We say goodnight after that, Caspian leaving with a slightly embarrassed nod. He gets that way when I call out his kindness. He grew up in a family that treated kindness like weakness, and yet it’s the very thing that made us friends.
It was soon after Xaden’s dad died. My parents and Lizzie were constantly fighting, throwing cruel words like knives, and in the middle of it was Noah, Lizzie’s brand new baby.
Lizzie refused to tell us who the father was.
I still don’t know. She doesn’t want to talk about the pregnancy: how she found out so late, or about her reasons for leaving Baywood.
If someone asks about Noah’s biological dad, Lizzie shuts down.
The first month after Noah was born was horrible: Mom, Dad and Lizzie in a nonstop shouting match, Xaden slipping away under the weight of his grief. The two people I’d leaned on most, Lizzie and Xaden, were unraveling, and I didn’t want to add to their burden.
***
One night, I escaped to Baywood Beans.
Caspian was there, reading on his Kindle. He looked up and smiled. “Hey. No offense, but you look like hell.”
That was all it took. I sat down, and the tears came without warning — big, ugly ones. I didn’t even know what I was crying for most. Lizzie. Her baby. Xaden. His dad. Me.
“Shit,” Caspian said, handing me what had to be ten napkins. “I’m sorry, I didn’t mean it. You look really nice. You always do.”
That made me laugh. A full-body, ridiculous cry-laugh.
Later, he bought me a hot chocolate and a cookie. “It’s oatmeal raisin,” he said. “Please don’t start crying again, but they were out of chocolate chip.”
For the first time in days, I smiled.
***
I sit down now with my sandwich and tea, feeling raw.

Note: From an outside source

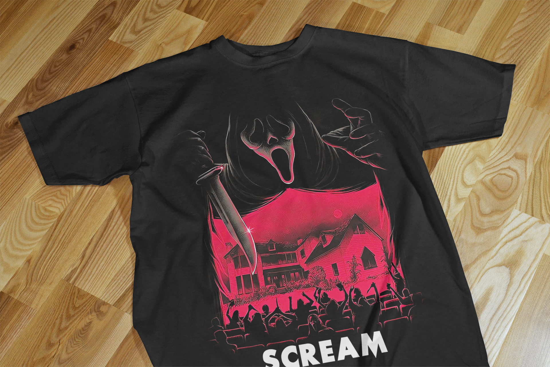 Eres fanático de las películas de terror? ¡Esta playera de Scream es perfecta para ti! Esta prenda te hará destacar en cualquier fiesta de Halloween. ¡No te pierdas la oportunidad de lucir tu amor por el cine de terror! Impresa con tecnología DTF de alta calidad sobre algodón 100%, esta camiseta es suave, duradera y perfecta para los amantes del género. No te pierdas la oportunidad de lucir tu lado más oscuro con esta pieza imprescindible para cualquier fan del terror.

From the high of my gig to the low of seeing Xaden, I feel like I’ve been tumble-dried.
Steam curls from the mug, suddenly reminding me of Christmas.
Xaden always came over, even if just briefly.
Sometimes he stayed for dinner if his dad was working through the holidays for better pay.
After dinner, I’d sing him carols in my room.
I always chose the silliest ones, just to hear him laugh.
The memory fades, the ache doesn’t.
I’m used to exhaustion, but the single-dad kind. I love Noah so much I’d die for him, but there’s always something going on. A new phase that “only lasts a little while.” When that ends, another one begins.
Maybe Mom’s right: maybe I’m in a phase too.
The one where I pretend everything’s fine when it isn’t.
It really isn’t. Seeing Xaden again made me realize that.
Sometimes I’m barely keeping up. Especially when things change overnight.
Like the way Noah hated socks for two years and then suddenly loved them.
Or like Xaden coming back.
He has no right to be back.
And I have no idea what I’d do if he left again.
XADEN
The garage smells like oil, dust, and my childhood.
A chaotic kingdom ruled by Frankie Dawson, an unimpressed frown of a man who’s always been around.
He looks every bit of his fifty-six years, though he probably was born looking a little tired.
He’s not just Baywood’s most dependable mechanic, he’s Baywood’s most dependable man. At least to me.
I sit across from him, oddly moved by his solid presence. Seeing Cole tonight was pain and regret. Seeing Frankie? A different kind of ache. The man rarely smiles, but I know he’d take a bullet for me without blinking.
I clear my throat. “Most of your hair’s gone.”
“It flew out the window with your manners,” he shoots back.
I grin, raise my can. “I owe you. No way was I spending the night in Kieran’s trailer. Smelled too much like ball sweat and stupidity.”